Key Senators are continuing to see backlash from their votes against expanding background checks on gun purchases, according to a new
survey released by Public Policy Polling on Monday.The PPP poll focused on five Senators in four states who played a significant role in the vote, which failed to pass through the Senate two weeks ago. All five Senators — Jeff Flake (R-Ariz.), Lisa Murkowski (R-Alaska), Mark Begich (D-Alaska), Rob Portman (R-Ohio), and Dean Heller (R-Nevada) — saw huge plunges in their approval ratings after voting “no” on the bill.
Respondents also said they would be less likely to vote for each of the Senators in their next elections. The survey comes days after previous polls showed the approval rating of Pennsylvania Republican Sen. Pat Toomey, who co-sponsored the background-check legislation, soaring to record highs.

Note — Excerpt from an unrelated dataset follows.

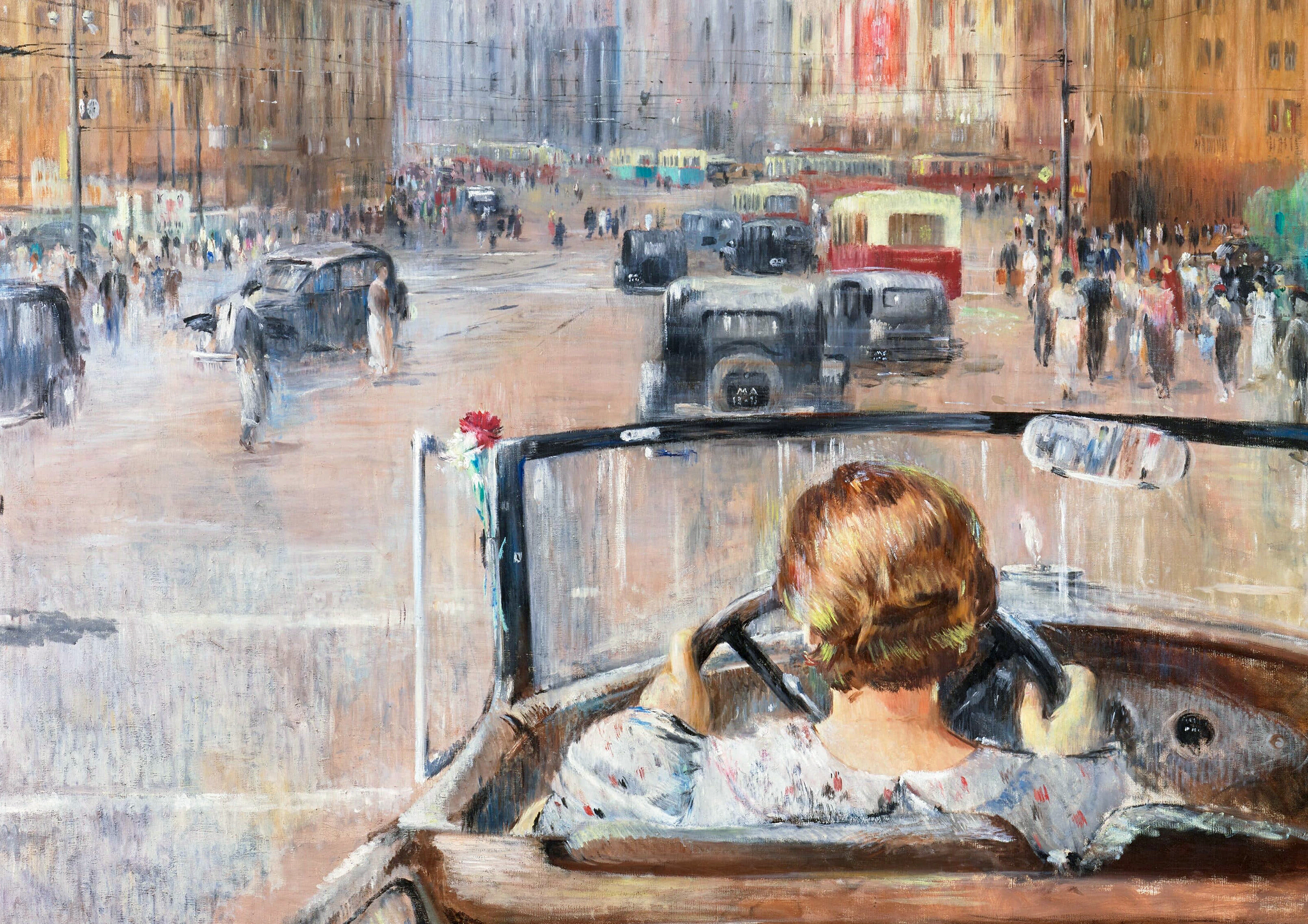 А что же женщина!? А она в приталенном платье с невероятной брошью, с изящной сумочкой в руке идёт на работу, где она не только воплощение красоты, а успешная сотрудница завода, магазина, школы, поликлиники, Дома культуры. Она водит машину и строит дома, сажает деревья и защищает научные труды, в красоте и изяществе, не теряя своей силы.
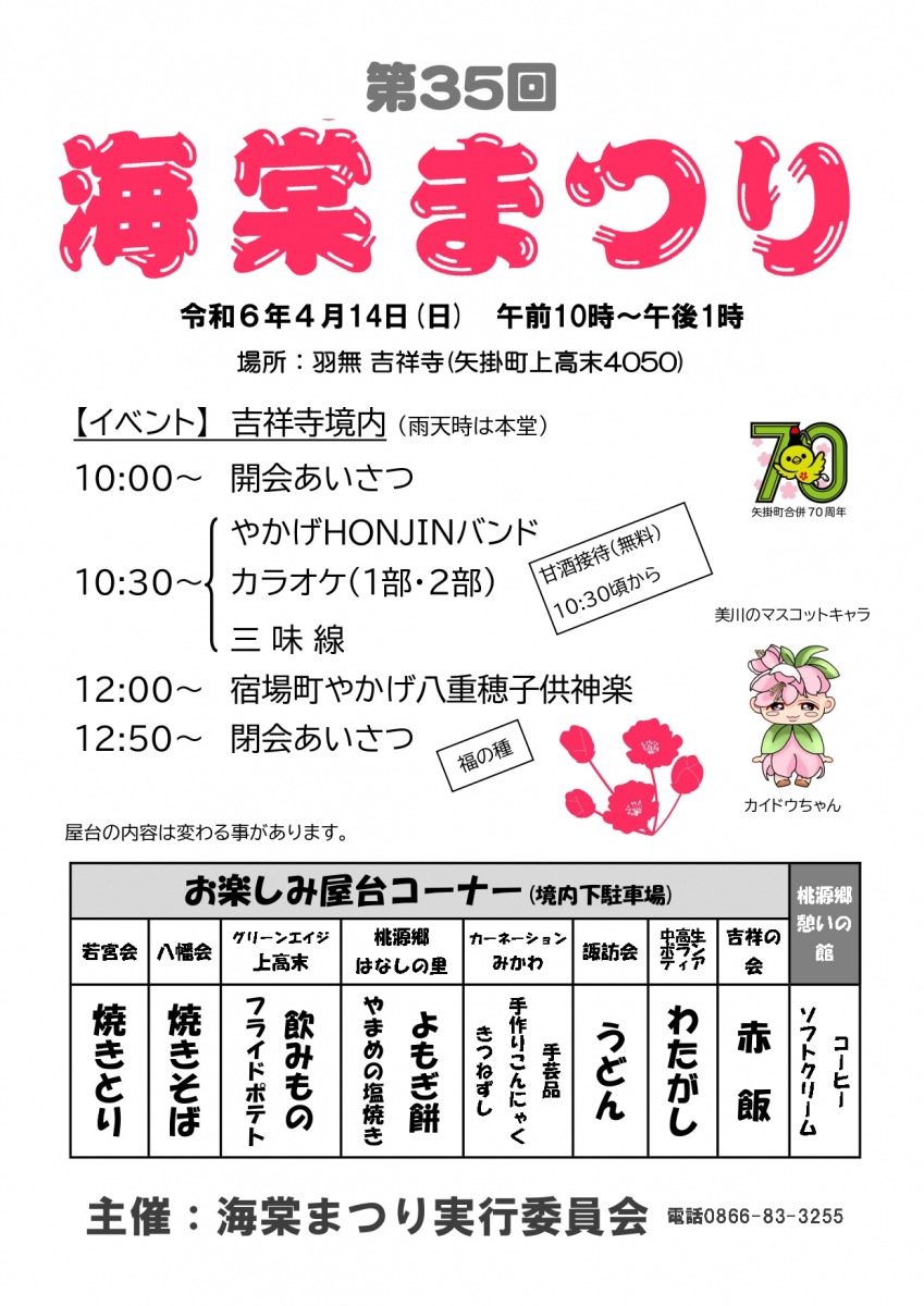 矢掛町北部の谷沿いでは、ゆるやかな斜面に棚田が広がる懐かしい風景に出会えます。そんなのどかな場所にある曹洞宗のお寺「吉祥寺」。ここでは毎年春(4月の第2日曜日)に、淡紅色のかわいい花が咲き誇る「海棠(かいどう)」を楽しむお祭りが開催されます。境内では音楽や子ども神楽などの催しが行われ、駐車場にはたくさんの屋台が並び、地域の皆さんによる温かいおもてなしがお祭りを盛り上げます。

The findings coincide with a Gallup poll that found 65 per cent of respondents thought the Senate should have passed the legislation. Moreover, 83 per cent said they would have voted to expand background checks on a ballot.
Here are some of the key findings in the PPP poll:
- Flake has taken the reigns from Minority Leader Mitch McConnell as the Senator with the lowest approval ratings in his home state, according to PPP. Just 32 per cent of Arizonans approve of him, compared with 51 per cent who disapprove. And voters say they trust Flake’s Arizona counterpart, John McCain, by a 45-24 margin on gun issues.
- Murkowski’s net approval rating among Alaskans has plunged 16 points in less than three months. Her approval-to-disapproval rating now stands at 46-41, compared with 54-33 in February.
- Begich has also seen his net approval rating fall 6 points in his home state, based on significant declines with Democrats and Independents following the vote.
- Portman’s net approval among Ohio voters has dipped 18 points — though at least some of that is due to a plunge with Republicans after his embrace of gay marriage.
- Heller has seen a 15-point decline in net approval with Independents in Nevada, the voting bloc that pushed him over the edge in his November election.
Except for Begich, none of these Senators are up for re-election until at least 2016, and Flake and Heller won’t face voters again until 2018. It remains to be seen if gun issues will continue to resonate that far down the road.
Still, most respondents in the PPP poll — echoing a Fox News poll last week — said they would be much less likely to vote for the Senators again based on their vote.